= Frederick Augustus Dixey =

British entomologist

Frederick Augustus Dixey, FRS (9 December 1855 – 16 January 1935) was president of the Royal Entomological Society of London, and was a distinguished British entomologist.

Frederick Dixey was educated at Highgate School from 1867 to 1874, and was later a governor of the school from 1920 until his death. He won a scholarship to Wadham College, Oxford, where after starting in optometry, the profession of his father and grandfather, he chose to read medicine. He became a fellow of Wadham and also the sub-warden. He felt drawn to the Church of St Barnabas, Oxford, known for its Anglo-Catholic tradition and ceremonies; he sang in the choir for nearly forty years. Dixey never practised medicine, but devoted himself to natural history. He was in March 1900 nominated to be a curator of the Hope collections at the Oxford University Museum of Natural History. He was an expert on the "white" butterflies, Pieridae.
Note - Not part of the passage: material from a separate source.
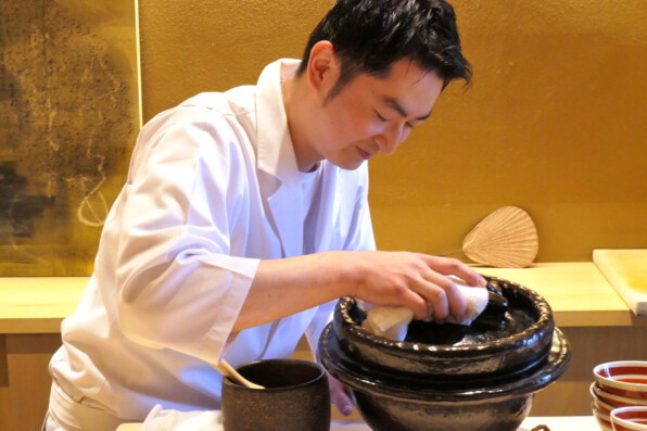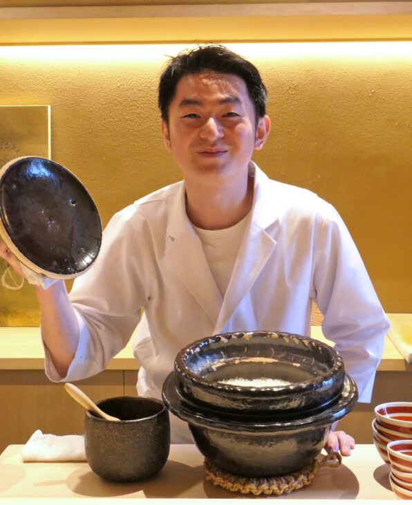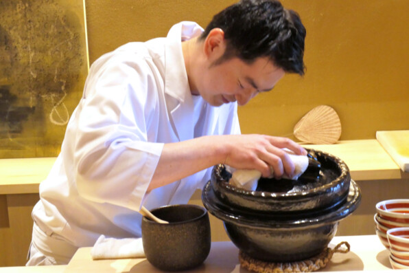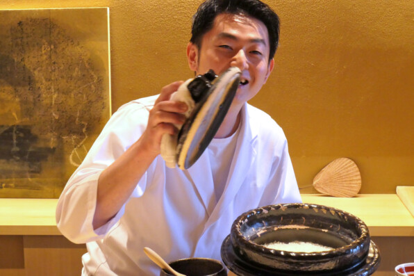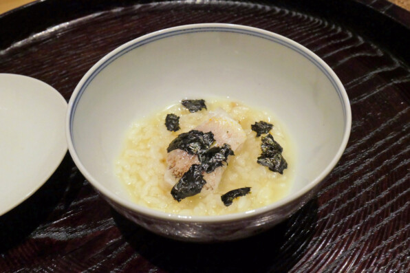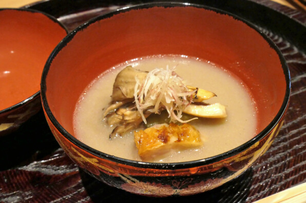 きのこのすり流しは鶏もも肉塩焼き、焼き舞茸、揚げた茄子入りでものすごく充実のお椀、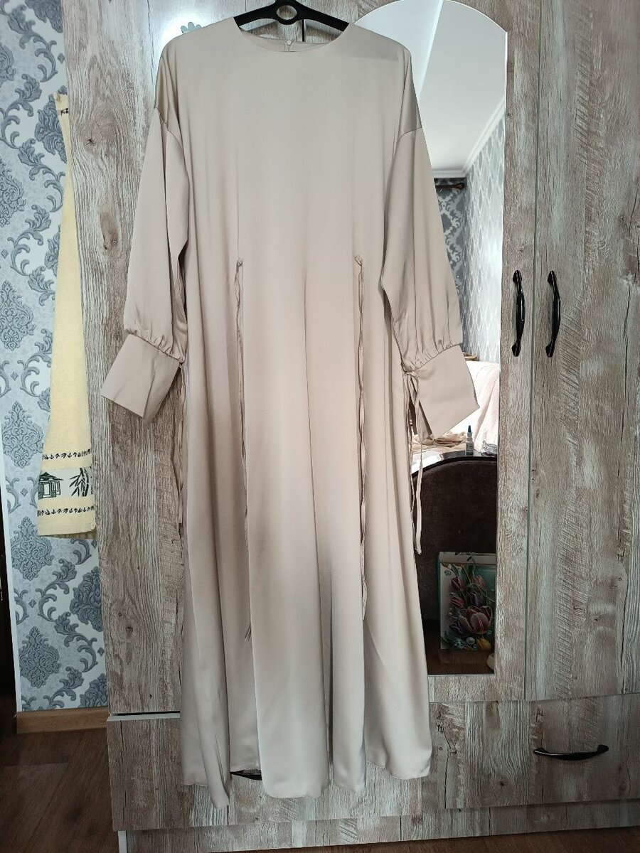 Платье оверсайз, подстраивается под любую фигуру за счёт завязак на боках и рукавах . Очень нежное и красивое . Надевала один раз

Dixey was an early supporter of Darwinian evolution who defended natural selection against anti-Darwinians.

Dixey was knocked down and killed by a motorist in 1935, as he attempted to cross the road.

In 1892 Frederick Dixey married Isabel Atkins (1863-1916). Of their sons, Harold Giles Dixey (1893–1974) and Roger Nicholas Dixey (1895-1995 ), Harold, known as Giles, was an assistant master at the Dragon School in Oxford, and a writer.